Желая, однако, сойти за спасителя и приобрести у короля новую благодарность, он должен был хоть на мгновение испугаться языческой дичи.
– Да, ваше величество, – отвечал он с суровым выражением лица, – да, сперва нужно устранить всяческую опасность от Орды. Позвольте мне этим заняться.
– Всё сдаётся на тебя, ты один можешь меня спасти, – прервал Август, – Татары, должно быть, уже стоят на границе, когда мы и предчувствия не имели того, что нас ждёт. Татары и канцлер!
Брюль, во-первых, прошу тебя, пусть духовенство прикажет устроить богослужения в костёлах, чтобы отвратить от нас эту катастрофу, а потом…
– Мы начнём с Бога, – сказал министр с сильным вдохновением. – У меня та же самая идея, а потом… энергично возьмёмся за дело.
Задумчивый король простонал, с трудом выговаривая:
– Посполитое! Посполитое!
– Я надеюсь, что посполитое рушение не потребуется, – прервал Брюль. – Татары больше лакомы на грош, чем на кровь. Кто же знает? Может, нам удасться.
Август зарумянился и живо сказал:
– Но имеем ли мы деньги?
– Мы их всегда имеем, – отвечал министр, – но имеет их и коронная казна, которая за грехи шляхты должна платить. Прошу вас, ваше величество, соблаговолите быть спокойным, сбросьте на мои плечи эту тяжесть. Надеюсь с ней справиться.
Растроганный Август III обнял любимого министра, который, собрав бумаги, немедленно поспешил с ними в свой дворец.

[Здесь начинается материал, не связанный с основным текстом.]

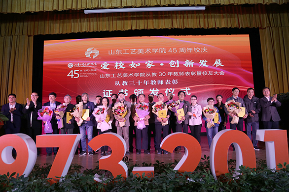 李新宣读《yl8cc永利官网关于表彰从教三十年教师的决定》。何思清、潘鲁生向从教30年教师代表颁发荣誉证书。校友代表向从教30年教师代表献花。yl8cc永利官网45年建设发展所取得的成绩,是一代代山工艺人辛勤耕耘的结果,更是老一辈领导和老师心血和汗水的结晶。为此,学校对从教30年教师进行表彰,以进一步激励广大教职工干事创业热情,大力营造尊师重教的良好氛围。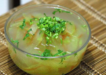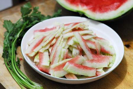 吃完西瓜,剩下的西瓜皮往往丢弃,用西瓜皮做一个汤,也是一道美味哦.西瓜皮切片,放在清水里煮开,撇去浮末,放盐、胡椒粉、鸡精,撒上香菜碎就做好了,是不是“废物利用”呵?

Там он бросился на канапе, не поглядев даже на него, и спокойно занялся несравнимо больше интересующей его корреспонденцией, которая его ждала.
Были это доверительные письма, из которых по крайней мере половина выдавала своим почерком происхождение из будуаров и женских спален. Но не имели они уже для престарелого и остывшего министра никакого очарования и притягательной силы. Гораздо более интересными были тайные записки, которые приходили из разных сторон, донося о людях, о делах, об интригах, в которые Брюль был более или менее вовлечён. Умел он всем пользоваться и поэтому смотрел во все стороны. Только через него делалось то, что зависело от королевской воли, а Август III так к этому привык, что ничего сам собой или через кого-нибудь сделать не смел без Брюля. Ежели случайно что-нибудь решалось, минуя его, почти всегда случалось потом чудо, сделанное нужно было переделывать, обрабатывать и отзывать.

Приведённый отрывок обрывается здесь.